1. The mechanism (what actually does the work)

Before committing to a judgment, explicitly enumerate the relevant evidence you do NOT have - the variables that bear on the question but are unknown, unobserved, or unobtainable - then weigh the gap that absence leaves and re-rate your confidence against it. The mechanism rests on a robust finding: confidence tracks the strength and coherence of the evidence actually considered, and people systematically neglect what is missing (the consumer-psychology literature names the bias omission neglect). A judgment built on three observations feels as solid as one built on thirty if the three cohere. The corrective move is to make the absence itself an object of attention: list the relevant unknowns, classify each as resolvable (obtainable, and at what cost) or genuinely unobservable, rate each unknown’s bearing on the judgment, and then re-state confidence against the mapped gap.

The durable cognitive move is not the worksheet. It is turning attention onto the absent evidence - the variables outside the material in front of you that would change the call if you had them - and letting the size and obtainability of that gap discipline the confidence you report. Two things distinguish it from every other belief-challenge move: the object is material that is ABSENT (not claims made, assumptions held, counterarguments available, or failures imaginable), and the output is a re-rated confidence justified by a mapped gap rather than a stronger argument or a defended conclusion.
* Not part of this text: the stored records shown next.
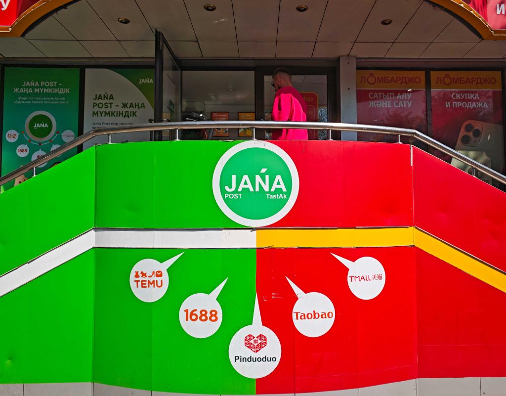 这是9月3日在哈萨克斯坦阿拉木图一家主要负责中国网购平台物流服务的快递网点外拍摄的宣传标识。
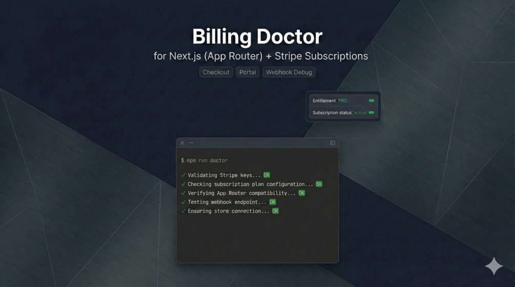Billing Doctor for Next.js — Stripe Billing Template + Webhook Debug
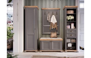 Прихожая «Амели 3» - представительница популярного сегодня стиля, известного как «французский кантри» или «Прованс». За счет дизайна, продуманного до мелочей, «Амели» украсит Ваш дом, привнесет в него тепло, уют и гармонию, которые будут встречать Вас и Ваших гостей уже с порога. Мягкий цвет прихожей «Серый Оникс», в сочетании с древесным цветом «Дуб Тортуга», делают прихожую нестандартной, авторской, а композиция будет идеально смотреться даже в небольшой прихожей. Настенное зеркало, украшенное карнизом, идеально дополнит прихожую и визуально расширит пространство. Открытая вешалка – это отличная альтернатива громоздким шкафам. Она компактна, и в тоже время позволяет разместить одежду всей семьи. Благодаря тумбе с мягким пуфом, можно присесть, когда обуваетесь или снимаете обувь. Это очень удобно. Ящики на шариковых направляющих бокового крепления и петли с доводчиками добавят удобства в использовании, а прихожая будет долго служить и радовать удобством и красотой.
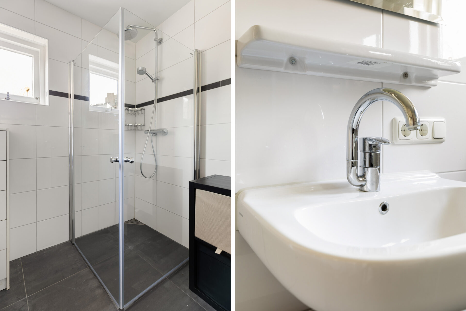 Overloop. Moderne, licht betegelde badkamer voorzien van een ruime douche, wastafel en toilet. Daarnaast zijn er drie slaapkamers, waarvan twee met inbouwkasten.
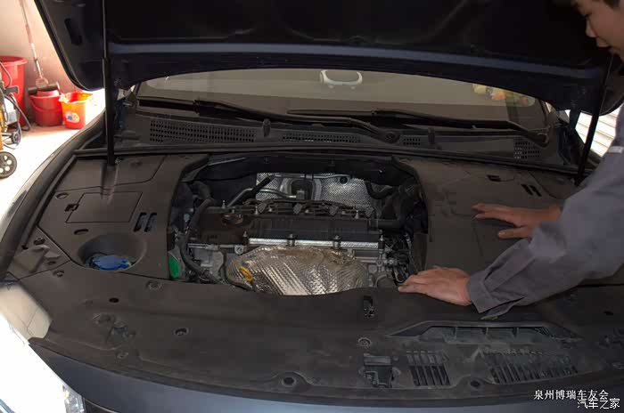 清洗节气门,需要打开发动机舱盖,拆护板,拆节气门,为了让车友等下施工少碰点灰,我先擦擦灰~
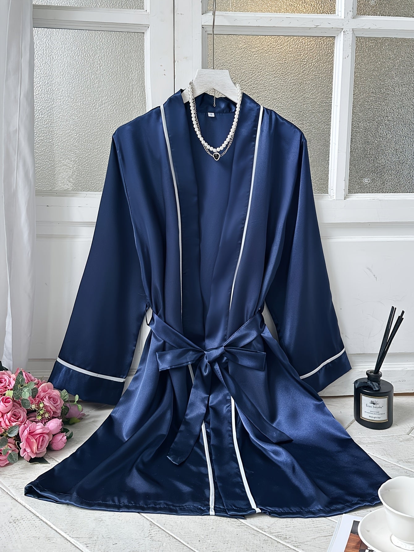 روب ساتان نسائي أنيق وردي
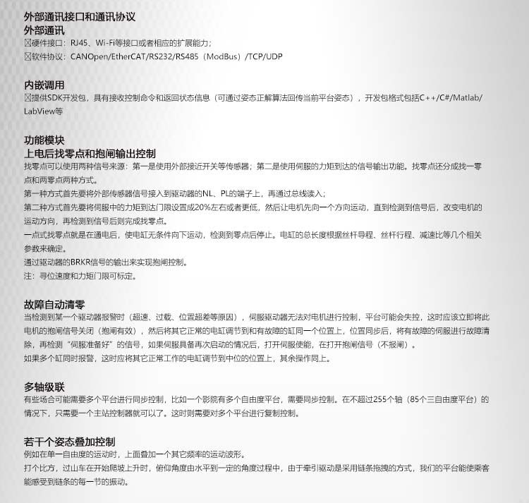 答: 我公司主要從事仿真平臺、六自由度平臺和運(yùn)動平臺控制卡的研發(fā)、生產(chǎn)與銷售,同時承接大型4D/5D/7D影院等工程。專注技術(shù)領(lǐng)先,提升用戶體驗是我們的追求!
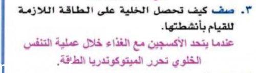 صف كيف تحصل الخلية على الطاقة اللازمة للقيام بانشطتها
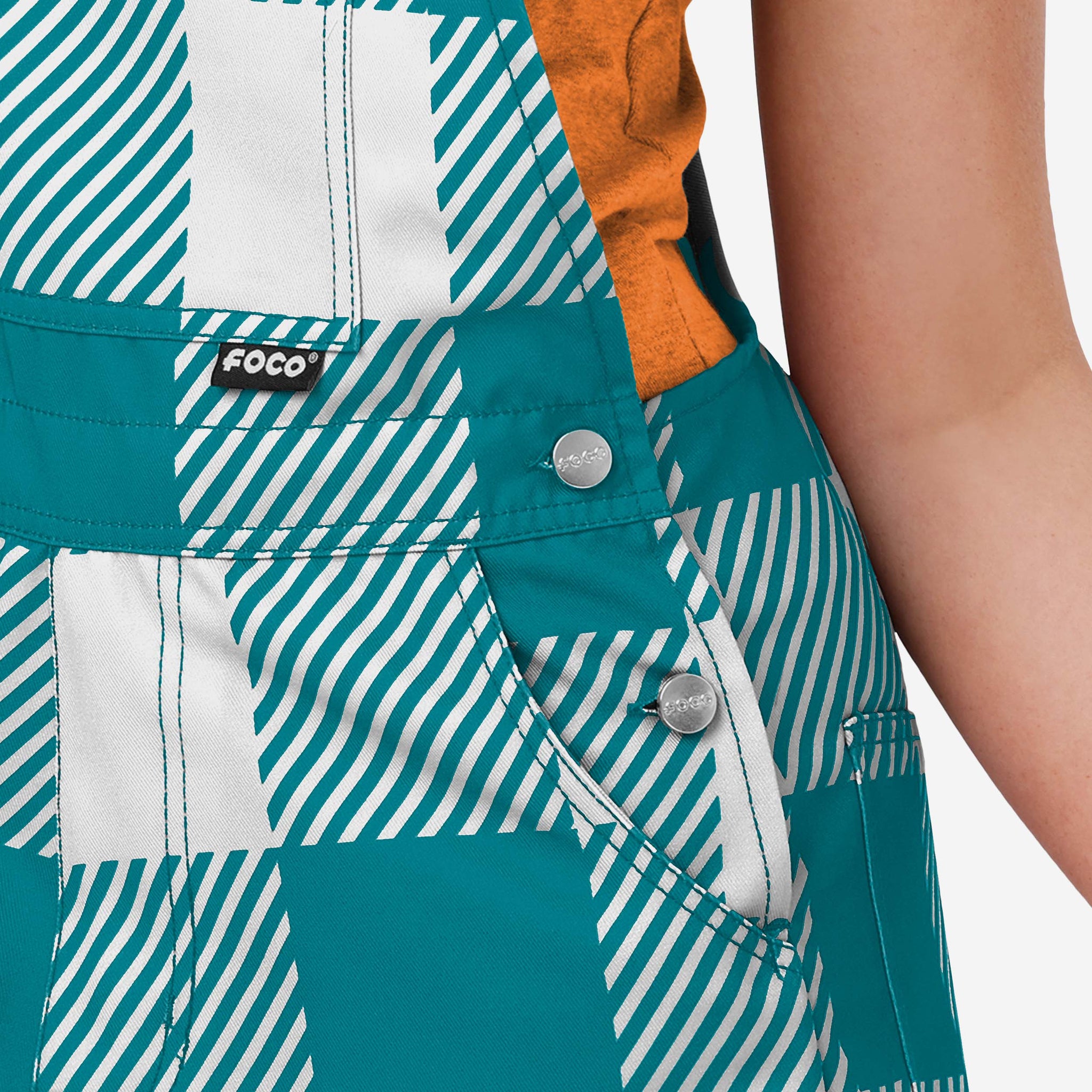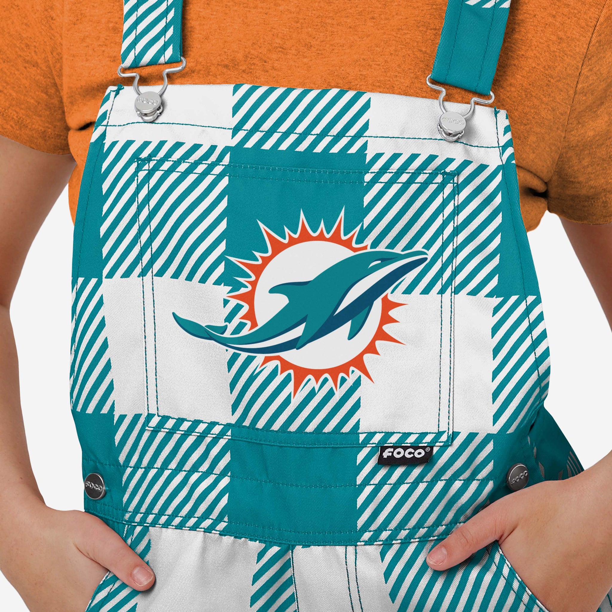 - All-over team-colored design: These shortalls are covered in the official Miami Dolphins colors, so you can show your team spirit with pride.

The output is a known-unknowns ledger: the judgment under consideration; the relevant unknown variables, each with its bearing on the judgment and its obtainability; a flag on the unknowns worth resolving before committing; and a re-rated confidence with the delta and the reason its size is what it is.

2. Lineage

The phrase “known unknowns” is generic, popularized by Donald Rumsfeld’s February 2002 Department of Defense briefing, with earlier engineering and project-risk usage; the method name used here is the descriptive prompt drawn from the research line itself, not a brand. The measured, debiasing content of the term comes from three threads:

The core: Daniel J. Walters (INSEAD), Philip M. Fernbach, Craig R. Fox and Steven A. Sloman, “Known Unknowns: A Critical Determinant of Confidence and Calibration,” Management Science (2017). The INSEAD Knowledge piece “How Managers Can Curb Overconfidence” is the practitioner gloss. Walters and Fernbach (2021), “Investor Memory of Past Performance Is Positively Biased and Predicts Overconfidence,” PNAS, continues the overconfidence line in the field.
The independent mechanism line: David M. Sanbonmatsu, Frank R. Kardes and colleagues on omission neglect, from the early 1990s through Kardes et al. (2006), “Debiasing Omission Neglect,” Journal of Business Research.
The antecedent: Koriat, Lichtenstein and Fischhoff (1980), “Reasons for Confidence,” the original demonstration that what you list before judging changes calibration.
The neighboring tradition this is NOT: consider-the-opposite (Lord, Lepper and Preston 1984) and multiple-explanation (Hirt and Markman 1995), the consider-an-alternative family that the Walters studies used as the comparison arm; in this library that move lives in red-team-light.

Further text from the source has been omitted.